Half-dog pose is an excellent way to extend the mid-spine region, which is a necessity when moving into headstand. In this variation, interlace the fingers, instead of using the block between the hands as we have in the past, but be sure to keep your elbows no further than shoulder width apart – if in doubt, it’s better for the elbows to be closer than further apart.
Now, we are ready for the headless headstand! Move to a wall, and set three blocks on top of each other as pictured below.
Wrap the ends of your fingers around the bottom block, placing the elbows (the thin end of the) block width apart – this is more narrowly than we usually place them. Press the edges of the wrists down strongly to activate the shoulder girdle, then lift your knees off the ground and walk towards the blocks until your back presses securely into the blocks. Your head is about 1/2 – 1 inch off the ground.

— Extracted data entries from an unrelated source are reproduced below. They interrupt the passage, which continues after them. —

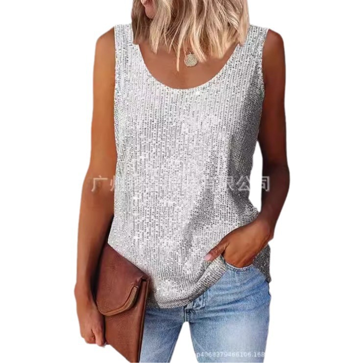 スパンコールキャミソール2024新型国境を越えた対外貿易上着アマゾン欧米女装ファッション丸襟シャツ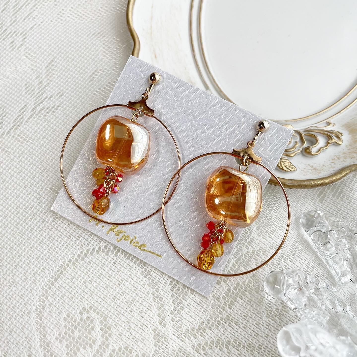 オレンジが眩しく、着けると元気になれるビタミンカラーのイヤリングです。
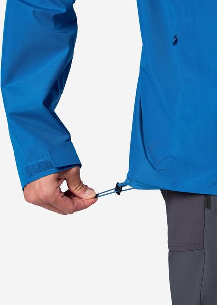 "A particular highlight of the jacket is the moisture-wicking DriClimeu00eae lining, which provides additional comfort, while the 100% taped seams and the CO-DWR treatment (durable water repellent) on the fabric surface ensure maximum protection against wet weather. The fixed hood with drawcord adjustment offers additional protection in bad weather, while the adjustable hood and raglan sleeves ensure optimum freedom of movement, even with a rucksack."
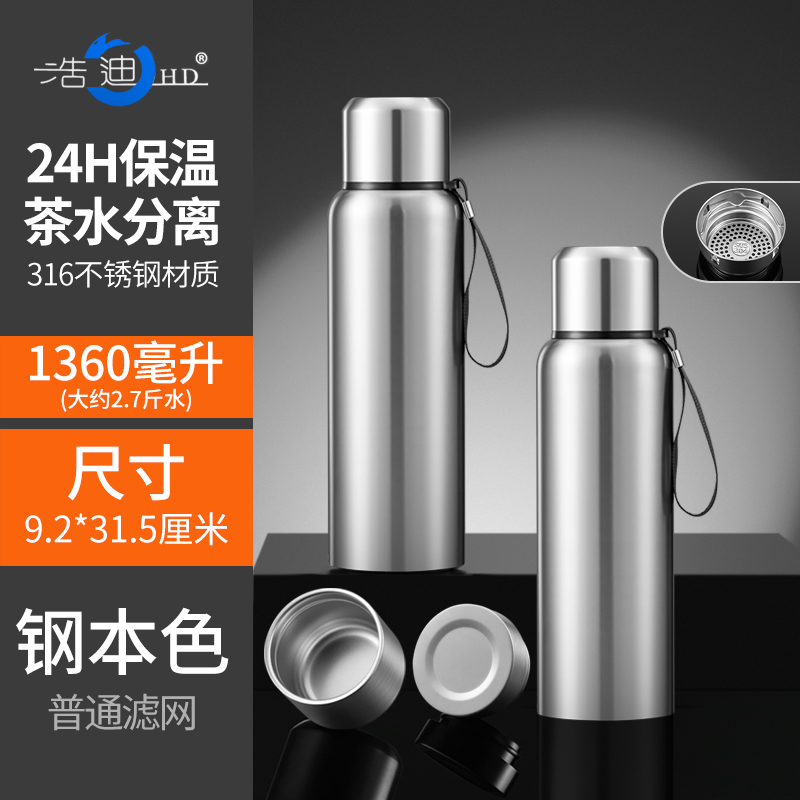 全钢316不锈钢大容量保温水杯子男便携户外健身茶水分离水壶温度 普通滤网款1360毫升-银色 均码¥62.00热销中 -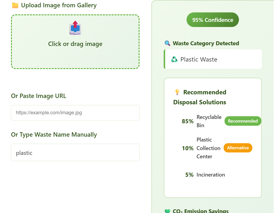 Dispose.AI is an AI-powered web application that instantly classifies waste items via image or text input into categories like recyclable, organic, e-waste, or general trash using neural networks, delivering tailored step-by-step disposal instructions such as rinsing plastics or locating hazardous drop-offs. Its minimalist, mobile-optimized UI with natural colors and educational tips ensures effortless use for students and households, promoting accurate sorting that cuts recycling contamination by up to 40%, reduces landfill waste, and lowers municipal costs. By simplifying sustainability, Dispose.AI fosters eco-habits among youth while showcasing full-stack skills in Python/ML, HTML/JS/PHP, and SQLite—ideal for portfolios and hackathons.

With the back firmly against the blocks, and forearms plus wrists anchored, raise one leg and kick up into the headless headstand. Note that not kicking up and just practicing raising one leg at a time is a perfectly good place to end your practice until you are confident enough to kick up on your own.
Once in the pose, you should be bearing all of your weight on the arms and none on the head, as I demonstrate by tucking my head towards my chest in the right side photo below. If you feel yourself collapsing into your head, come down immediately, one straight leg at a time.
Finish the practice with balasana/child’s pose until the blood readjusts in your body, then savasana/corpse pose to allow the benefits of the inversion to flow through your now-relaxed body.